Top of Data excerpt

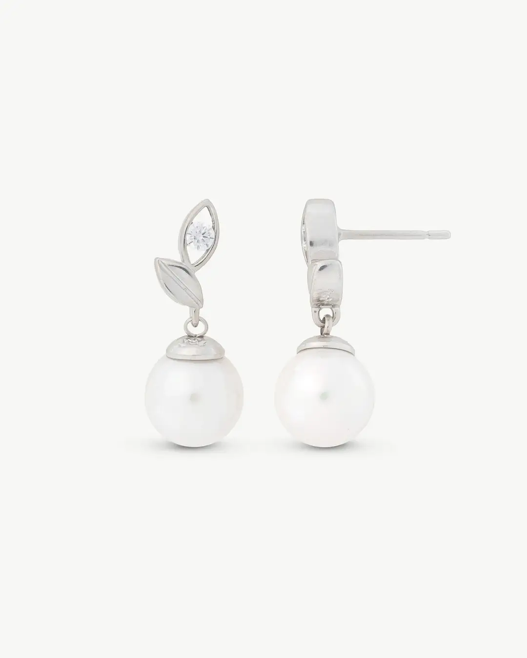 Короткие серьги-шипы из родированного серебра, 8-миллиметровые белые круглые жемчужины и цирконы. Украшения на каждый день.
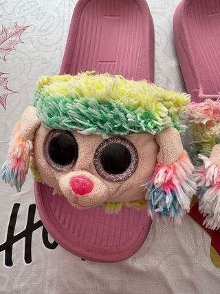 Adorables chanclas con diseño de perro de peluche. Son un número 37/38. - Suaves y divertidas. - Tira multicolor. - Base rosa.
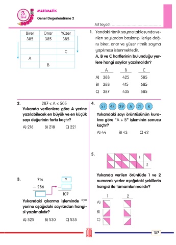 3. 714 ? numaralı yerler aşağıdaki şekillerin
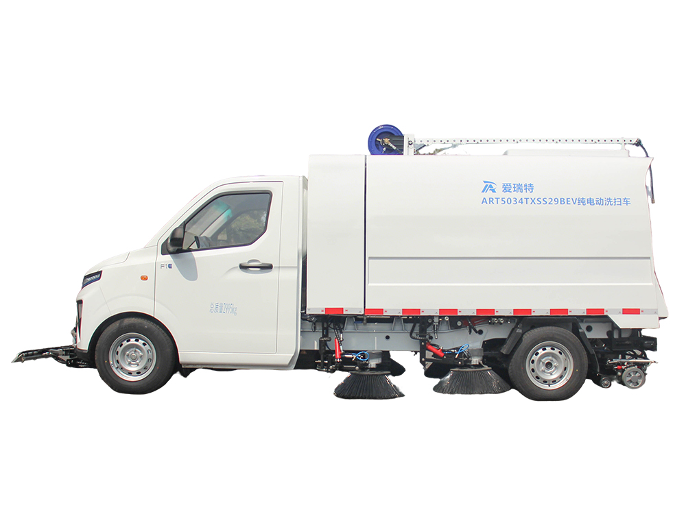ART5034TXSS29BEV純電動洗掃車主要用于主干道、非機(jī)動車道、背街小巷等路面的普掃作業(yè),集清掃、高壓沖洗等功能為一體,可快速清掃落葉、石子、沙塵、白色垃圾等,垃圾,自卸傾倒。

Bottom of Data excerpt

(Task item) Pictures stay out. Return exactly the lines from the one with "3. 714 ? numaralı" through the last line of the data.

(Response)
 3. 714 ? numaralı yerler aşağıdaki şekillerin
ART5034TXSS29BEV純電動洗掃車主要用于主干道、非機(jī)動車道、背街小巷等路面的普掃作業(yè),集清掃、高壓沖洗等功能為一體,可快速清掃落葉、石子、沙塵、白色垃圾等,垃圾,自卸傾倒。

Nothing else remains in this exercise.